Les femmes ayant développé un problème hypertensif durant la grossesse sont exposées à la survenue au long cours de complications cardiovasculaires. L’étude Caliber a pris en compte environ 1,9 million de grossesses survenues entre début 1997 et fin 2016 chez environ 1,3 million de femmes en Grande-Bretagne, et plus particulièrement 109 500 grossesses qui s’étaient associées à des désordres hypertensifs (HTA chronique, gravidique…) dont 33 344 pré-éclampsies, a cité le Pr Lucy Chappell (King’ College, Londres). Les femmes ayant développé une pré-éclampsie avaient le même âge (autour de 28 ans) et des caractéristiques socio-économiques similaires aux autres femmes, mais sans surprise présentaient plus souvent des antécédents d’HTA avant la grossesse (8,2 % contre 2,2 % pour l’ensemble des femmes). Le risque de pré-éclampsie était associé au niveau de pression artérielle systolique comme diastolique. L’analyse a montré que ces femmes avec une pré-éclampsie présentaient, par la suite, un risque d’HTA multiplié par 4,5 et étaient plus exposées à la survenue d’une maladie cardiovasculaire (x 1,7) quelle qu’en soit la nature (AVC, infarctus, insuffisance cardiaque, artériopathie périphérique…). Le nombre de décès cardiovasculaires était aussi doublé chez elles. Cependant, cet excès de risque différait peu de celui relevé chez les femmes ayant eu un problème hypertensif pendant la grossesse (risque d’HTA hors grossesse multiplié par 4,1, de complication cardiovasculaire par 1,7, de décès cardiovasculaire par 2,1). L’impact de ces événements cardiovasculaires était relevé précocement, dès 1 an après la grossesse. Et, après pré-éclampsie, la majorité d’entre eux ont été constatés avant l’âge de 40 ans. Le Pr Chappell a insisté sur le fait que tous ces problèmes hypertensifs liés à la grossesse doivent être l’occasion de dépister les événements cardiovasculaires à un âge plus précoce que dans la population générale. Il faudra déterminer comment on pourrait mieux les prévenir. Mais, le traitement de l’HTA post-grossesse pourrait représenter une certaine marge de manœuvre, car sa prise en compte diminuait le risque cardiovasculaire de 35 % après pré-éclampsie. Des médicaments, comme les inhibiteurs de l’enzyme de conversion, pourraient également avoir une place pour prévenir le remodelage cardiaque associé à l’HTA.
La surveillance de la pression artérielle par automesure est courante pendant la grossesse. Ainsi, une étude récente de l’université d’Oxford, Bump, menée auprès de 5 181 femmes enceintes a révélé que 19 % d’entre elles et 49 % de celles avec une HTA surveillaient leur pression artérielle à domicile (1). Une autre étude de la même équipe, Optimum-BP, ayant comparé automesure et contrôle tensionnel en consultation chez 158 femmes avec une HTA chronique ou gravidique, avait antérieurement montré que cette pratique est réalisable et bien acceptée par les femmes (2).
Les nouvelles données de l’essai Bump 2, sur 454 femmes avec une HTA chronique et 396 femmes avec une HTA gravidique, attestent de la sécurité de l’automesure.

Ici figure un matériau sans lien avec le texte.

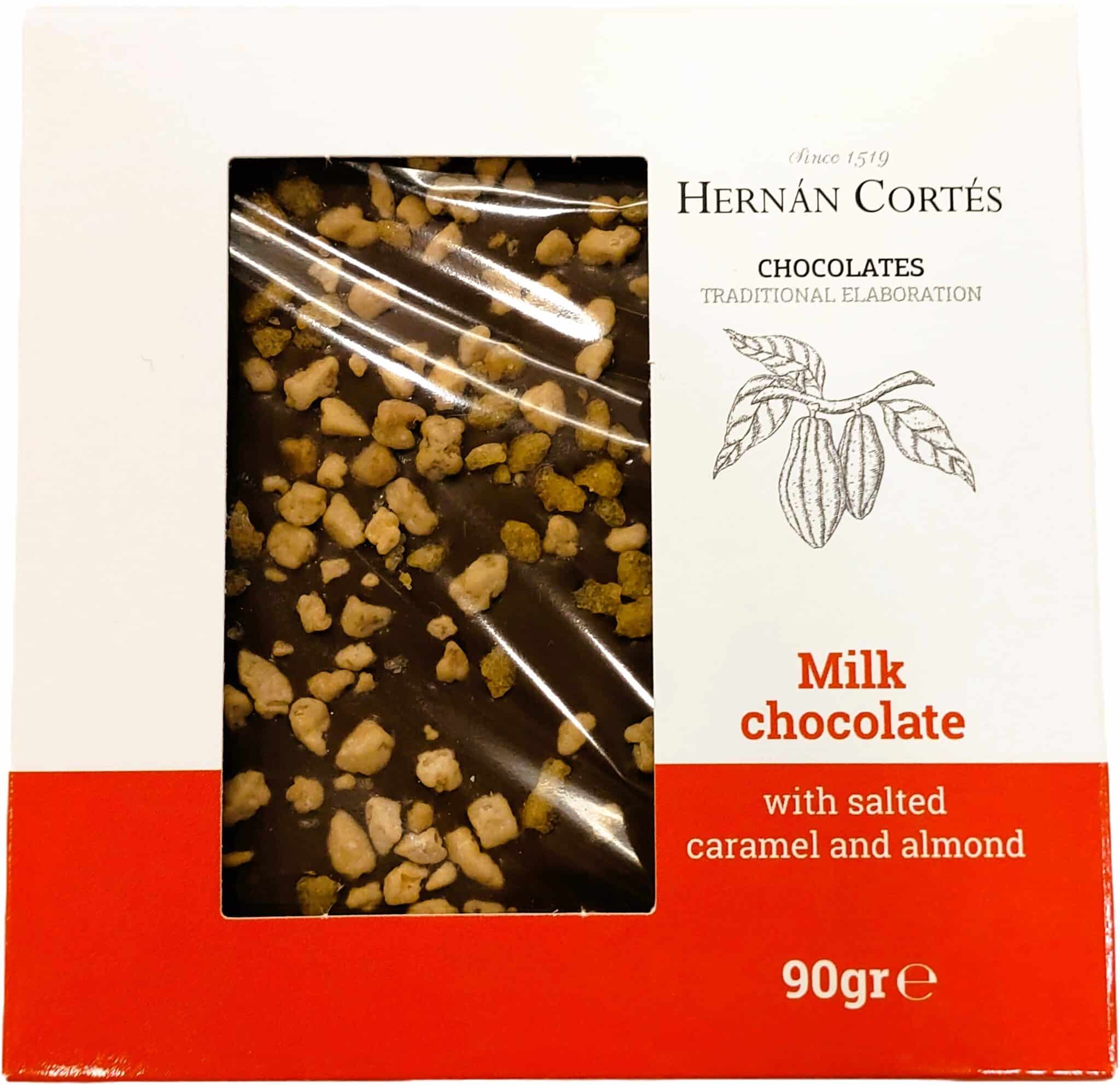 Σοκολάτα γάλακτος με Αλατισμένη Καραμέλα & Καραμελωμένα Αμύγδαλα 90γρ – Hernan Cortes

Les chiffres de de pression artérielle systolique moyenne étaient en effet équivalents chez les femmes suivies en consultation et celles pratiquant l’automesure, a expliqué le Pr Lucy Chappell (King’ College, Londres) : respectivement 133,6 mm Hg et 133,8 mm Hg pour la PAS en cas d’HTA chronique, 137,2 mm Hg et 137,6 mm Hg en cas d’HTA gravidique. Aucune différence n’a non plus été relevée entre les deux bras pour la pression artérielle diastolique ou les complications maternelles ou néonatales (pré-éclampsie, faible poids de naissance, hospitalisation du nouveau-né…).

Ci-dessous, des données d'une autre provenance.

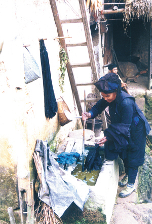 紡紗、織布、藍(lán)染,是哈尼族婦女制作服裝的重要組成部分。她們在織布前要做的準(zhǔn)備工作,就是操動制線機(jī),把一根根短小的線連接起來,捲在小木棍上,然后操動絞線機(jī),把線棍上的線分開絞在木梭子和木輪子上。接著是分線,人數(shù)不限,但不能少于5人,一般10米為一組線。織布時,在織布機(jī)上方搭起兩排密集的線網(wǎng),當(dāng)雙腳踩動踏板時,兩排線網(wǎng)一上一下地交叉移動,將拖著線的梭子一次次地左右穿梭于線網(wǎng)中。這樣重復(fù)地進(jìn)行,就織出一筒筒布,一般10米為一筒布。最后把織成的布放入靛缸里泡洗,曬干后就可以制作服裝了。
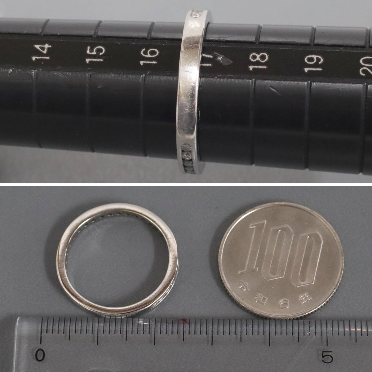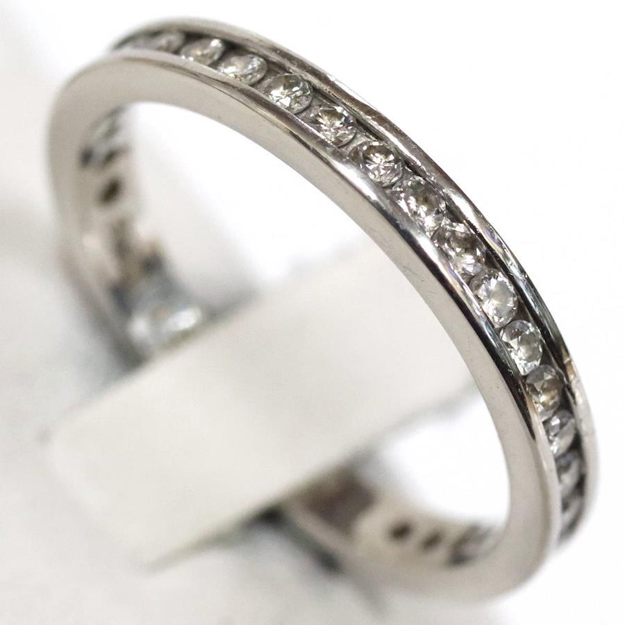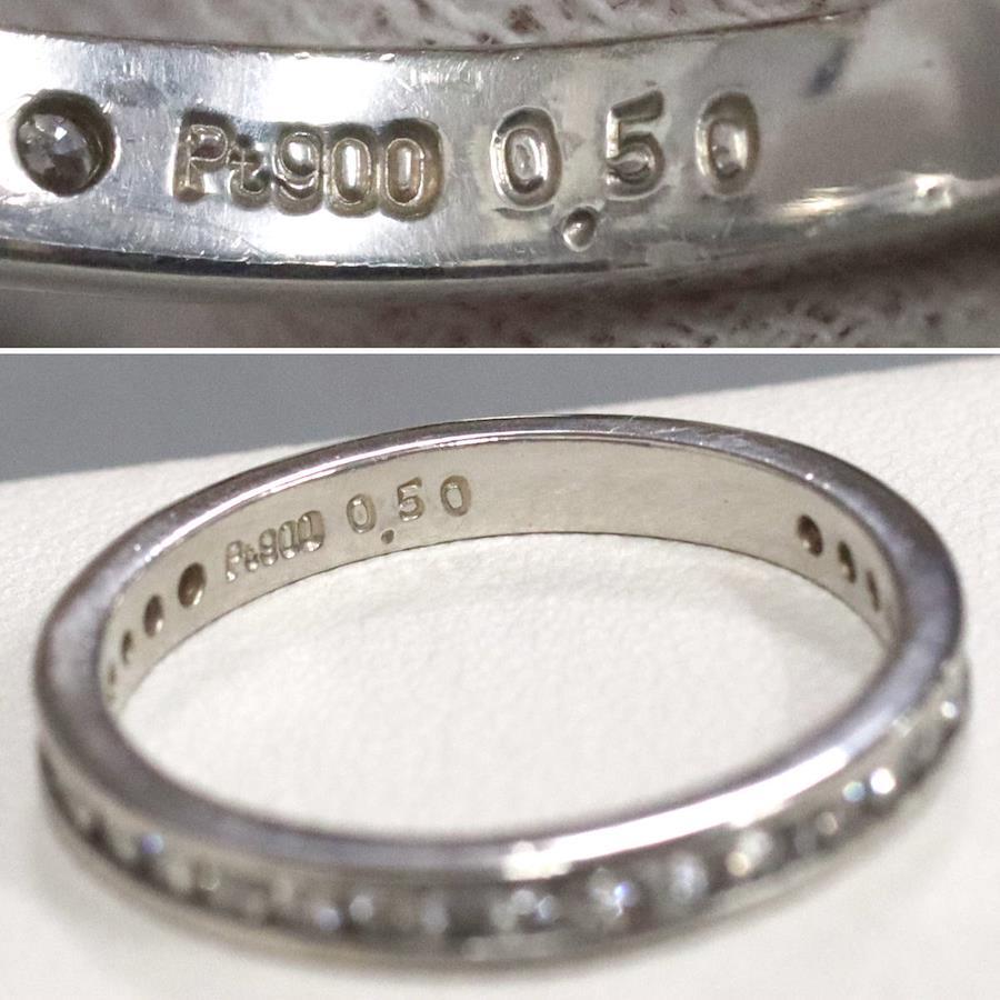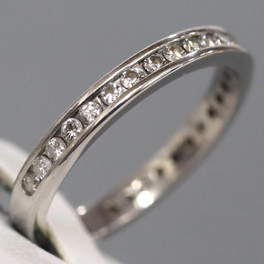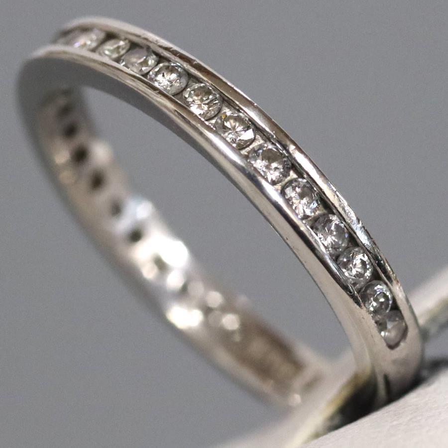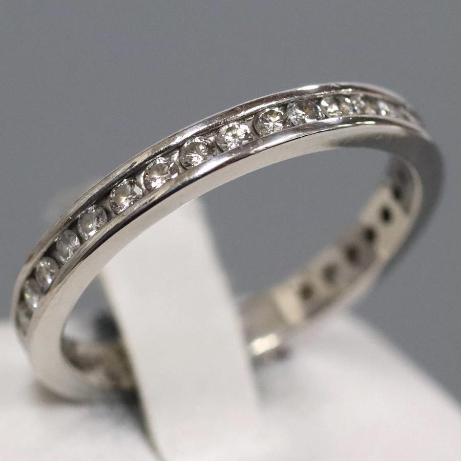 Pt900ダイヤモンドリングの中古品です。ダイヤモンドがリングの0.7周ほどセットされたエタニティリングです。ダイヤモンドはややインクルージョンがありますが、肉眼では見えません。ダイヤモンドは無色に近い色味で、照りがあります。地金には全体的に傷があります。+---+---+---+---+---+。{状態}B{素材}Pt900,ダイヤモンド{サイズ}当店計測約#16.5{リング幅}約2mm。{その他}D0.50ct,4.5g。{付属品}なし(サービス箱をお付けします){お問合せ商品番号}25093064+---+---+---+---+---+。

Il est en tout cas essentiel de communiquer avec les femmes sur les moyens de bien pratiquer ce self-monitoring. Et de le rechercher en discutant avec elles. Car, dans l’essai Bump, seulement une femme enceinte sur deux réalisant l’automesure en avait informé l’équipe obstétricale.
- Tucker KL, et al. J Hypertens. 2021 May 1;39(5):994-1001.
- Pealing LM, et al. Pregnancy Hypertens. 2019 Oct;18:141-149.